Jonathan: The general problem there was that they had a massive silo of very rich advertising data and then quite a complex business domain with lots of venues, lots of countries, lots of cities that they wanted to do analytics at, but they had no way of joining across those silos, which when they wanted to ask really important and pertinent business questions, they weren’t able to do that without a lot of manual analysis and that’s what you often find as well is that the way you know there’s a need to join things up is where people are doing ad-hoc and manual analysis. These joined-up data silos are happening on a case-by-case basis normally in Excel as well.
[laughter]
Rob: Yes, I think if Excel’s become part of a routine data transformation workflow of any scale, that’s usually a good sign that there are efficiencies to be gained by bringing in some data engineering expertise.
Zoe: It’s very interesting to think about this parallel with software engineering again, that actually it sounds, and the complexity of it, you could also ask the question, well, how do you do good software engineering? There are some answers, but it depends on what you want to do. I’m really struck by this notion of just like in software engineering, you need to implement something well so that it scales and lasts for the long-term, but you also want to implement something in an agile and flexible manner where you don’t design for all kinds of cases that you don’t need and will never need, and actually ends up hands stringing yourself in that way.
This sounds very similar to me in terms of, “Yes, obviously, you need your data if you will need to connect it in the future, you need to think about that now, but also, don’t just make a massive data system for the sake of it if you don’t know what you’re going to use it for.”
Jonathan: I think I’d add to that another parallel between the software and data engineering side, which is that if you don’t do it, if you don’t implement it, it will happen anyway and I think we’ve all seen businesses where they don’t have a software application to do a certain thing. Normally, the financial domain for some reason, but what you then find is complex spreadsheets evolve. People learn to write macros and the software happens anyway and you end with organic free range of software, which certainly hits a scalability limit and then needs some proper software engineering and the same thing’s happening in data.

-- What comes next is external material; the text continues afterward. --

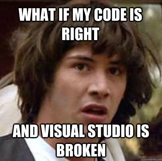 Okay, this is just for fun. I don’t really mean for visual studio to be broken. What I mean by this is no matter how complex your problem is, the solution always exist there. If one approach doesn’t work you try the other one. I remember myself doing one of my school assignment and I set up the network for VM’s in the virtual box but it didn't seem working. I checked everything again, everything’s perfect but still not working. Ok uninstall the VM’s, install it again, still not working. Uninstall the whole virtual box, install it again, set the network again but still not working. Like what the heck……It took me a whole day just to figure out that although I restarted the VM but forgot everytime to restart my PC just after setting up the network. (It makes me feel so stupid now). And I came to know that things actually sometimes work after restarting the PC. :D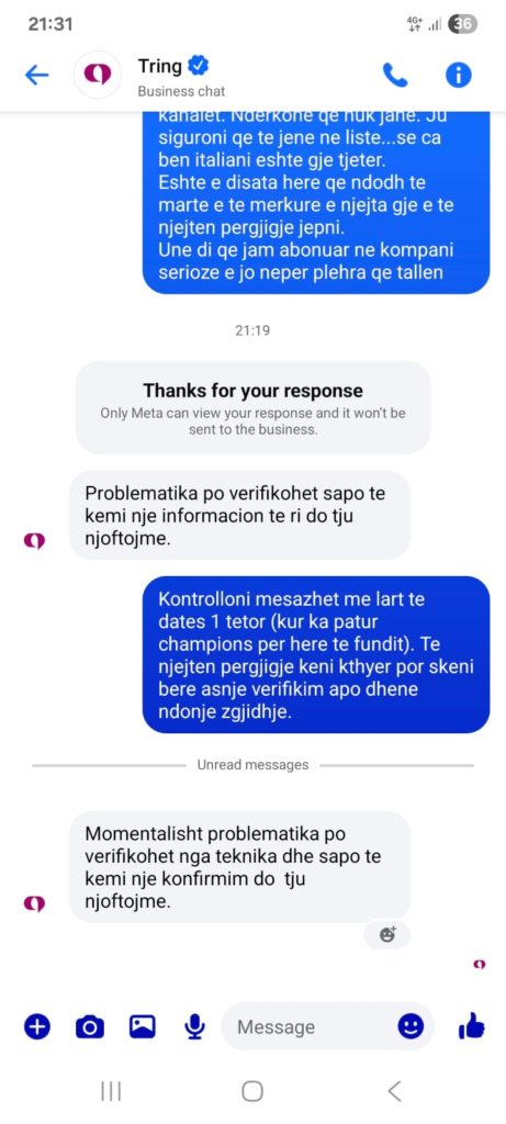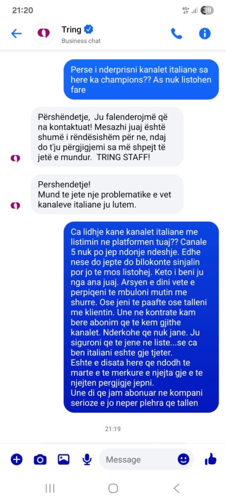 Përshëndetje JOQ! Një pyetje ndjekësve ju lutem, nëse kanë të njëjtin problem me platformën Tring... Çdo të martë dhe të mërkurë (kur ka ndeshje të Champions League) ndërpresin kanalet italiane duke i hequr fare nga listimi. (Mund ta verifikoni momentalisht). Kur merr shërbimin e klientit, justifikohen që e kanë problemin vetë kanalet italiane... Ndërkohë që këto të fundit nuk japin ndonjë ndeshje që të mendosh se mund të lidhet me të drejtat televizive. Edhe nëse do ishte kështu, kanali do ndërpriste sinjalin apo transmetimin, por jo të hiqej vetë nga platforma. D.m.th heqjen nga lista e bën Tring për arsye që vetëm ata e dinë, por pa dhënë asnjë shpjegim për klientin, ndërkohë që ne paguajmë abonimin e plotë për të gjitha kanalet që supozohet të jenë të përfshira. Përgjigja e zakonshme është vetëm që do verifikohet. Kuptohet, sa për të kaluar situatën.

If you are sitting there in your business and seeing people spend a substantial fraction of their lives, bringing together and joining data in Excel, that is normally a situation that you need to have a think about. Could you do it better?
Rob: I think there’s a parallel to be drawn between the two, the skill sets involved, the way of thinking about problems, and the solutions. Those problems are very similar. I think you can think of data engineering as being where software engineering was maybe 20 or 30 years ago. I think that’s a reasonable parallel in terms of ways of working as of high level.
Zoe: If you’ve got some, you’re almost definitely going to need to change it, [giggles] however, you also have systems running off it already, so how do you go about improving your data storage and your data modeling when there will be dependencies on that data already?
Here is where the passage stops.